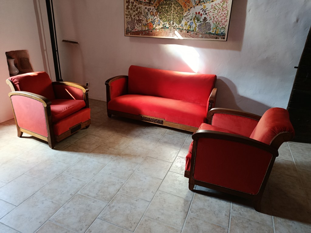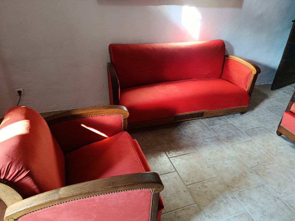 Salon Art Déco Meubles tissu "classique" Salon Art Déco habillé d’un tissu orange vif en velours.Finition clous décoratifs bronze doré. N’hésitez pas à me contacter pour plus de renseignements.
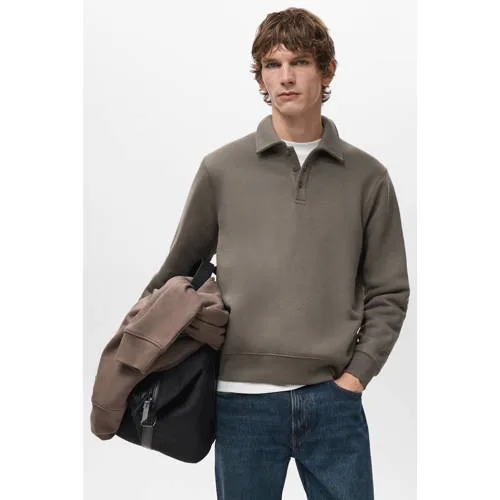 Deze Mango Man heren trui combineert het comfort van een sweater met de nette uitstraling van een polomodel. Het rechtvallende model in katoenmix voelt zacht en soepel aan en is daardoor geschikt voor zowel relaxte als meer geklede momenten. De groene kleur is exclusief online verkrijgbaar en geeft een moderne, frisse uitstraling, terwijl de effen uitvoering zorgt voor een rustige basis in je garderobe.Verzorgde polo-look in sweaterkwaliteit Regular fit met rechtvallende pasvorm, comfortabel om los te dragen of over een T-shirt Gemaakt van 81% katoen en 19% polyester voor een zachte, vormvaste stof Polokraag met knoopsluiting voor een nette, maar ontspannen uitstraling Lange mouwen met elastische, geribde manchetten voor een goede aansluiting rond de polsen Geribde zoom zorgt dat de trui mooi op de heup blijft vallen Effen ontwerp zonder zakken, makkelijk te combineren met verschillende stijlenVeelzijdig in dagelijks gebruikDeze polotrui is ideaal voor doordeweekse dagen. Draag het model op een chino of nette broek voor een verzorgde werklook, of combineer met een jeans voor een meer casual outfit. De sweaterachtige stof biedt extra comfort op koelere dagen.Mango Man: moderne stijl voor elke dagMango Man staat bekend om tijdloze items met een moderne twist. De collectie richt zich op kleding die goed aanvoelt, er verzorgd uitziet en gemakkelijk te combineren is. Zo bouw je stap voor stap een garderobe op waar je lang plezier van hebt.Een comfortabele essential die moeiteloos schakelt tussen casual en verzorgd.
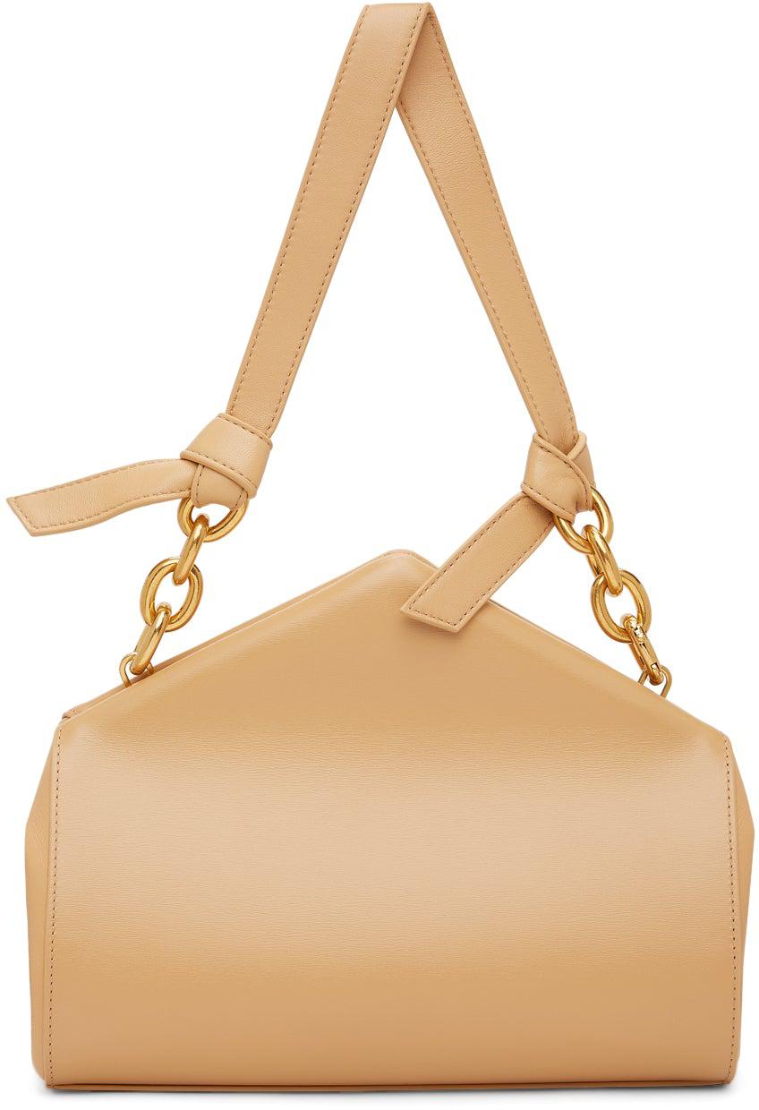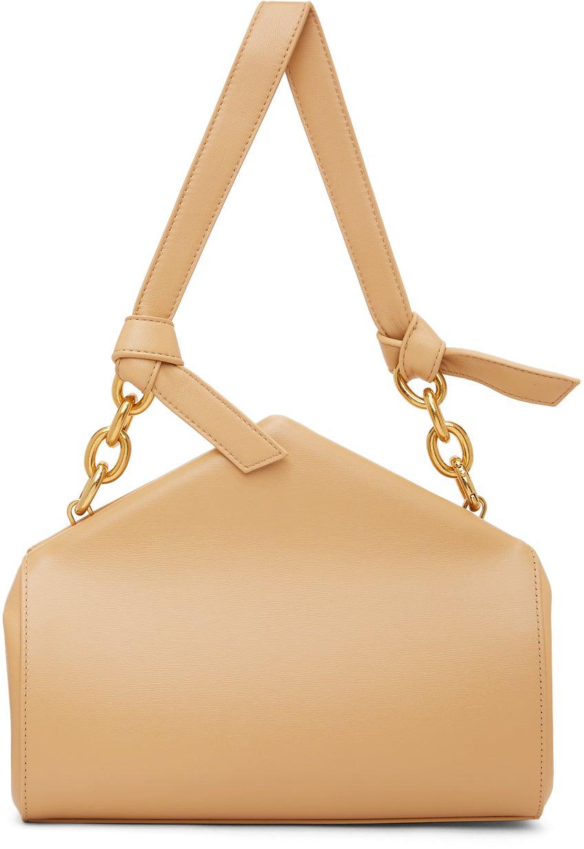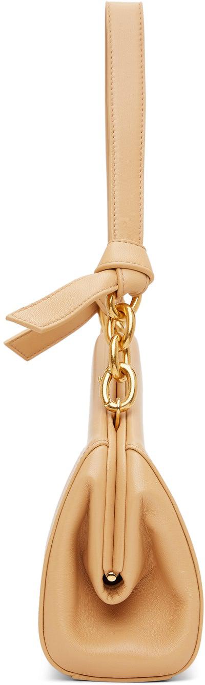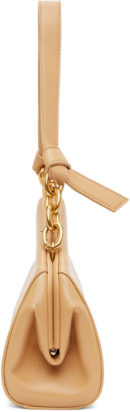 Buffed calfskin shoulder bag in beige. Detachable leather and curb chain shoulder strap with knotted detailing and hinged-ring fastening. Magnetic closure at hinged opening. Embossed logo and patch pocket at interior. Tonal nappa lambskin lining. Gold-tone hardware. Approx. 9.5 length x 4.25 height x 3 width. Supplier color: Almond Calfskin. Brand: Bottega Veneta

### Action item:
Nothing should appear in the answer except the lines from the first line of the data through the line holding "Deze Mango Man", exactly as written, with pictures left out.

### Final answer:
 Salon Art Déco Meubles tissu "classique" Salon Art Déco habillé d’un tissu orange vif en velours.Finition clous décoratifs bronze doré. N’hésitez pas à me contacter pour plus de renseignements.
 Deze Mango Man heren trui combineert het comfort van een sweater met de nette uitstraling van een polomodel. Het rechtvallende model in katoenmix voelt zacht en soepel aan en is daardoor geschikt voor zowel relaxte als meer geklede momenten. De groene kleur is exclusief online verkrijgbaar en geeft een moderne, frisse uitstraling, terwijl de effen uitvoering zorgt voor een rustige basis in je garderobe.Verzorgde polo-look in sweaterkwaliteit Regular fit met rechtvallende pasvorm, comfortabel om los te dragen of over een T-shirt Gemaakt van 81% katoen en 19% polyester voor een zachte, vormvaste stof Polokraag met knoopsluiting voor een nette, maar ontspannen uitstraling Lange mouwen met elastische, geribde manchetten voor een goede aansluiting rond de polsen Geribde zoom zorgt dat de trui mooi op de heup blijft vallen Effen ontwerp zonder zakken, makkelijk te combineren met verschillende stijlenVeelzijdig in dagelijks gebruikDeze polotrui is ideaal voor doordeweekse dagen. Draag het model op een chino of nette broek voor een verzorgde werklook, of combineer met een jeans voor een meer casual outfit. De sweaterachtige stof biedt extra comfort op koelere dagen.Mango Man: moderne stijl voor elke dagMango Man staat bekend om tijdloze items met een moderne twist. De collectie richt zich op kleding die goed aanvoelt, er verzorgd uitziet en gemakkelijk te combineren is. Zo bouw je stap voor stap een garderobe op waar je lang plezier van hebt.Een comfortabele essential die moeiteloos schakelt tussen casual en verzorgd.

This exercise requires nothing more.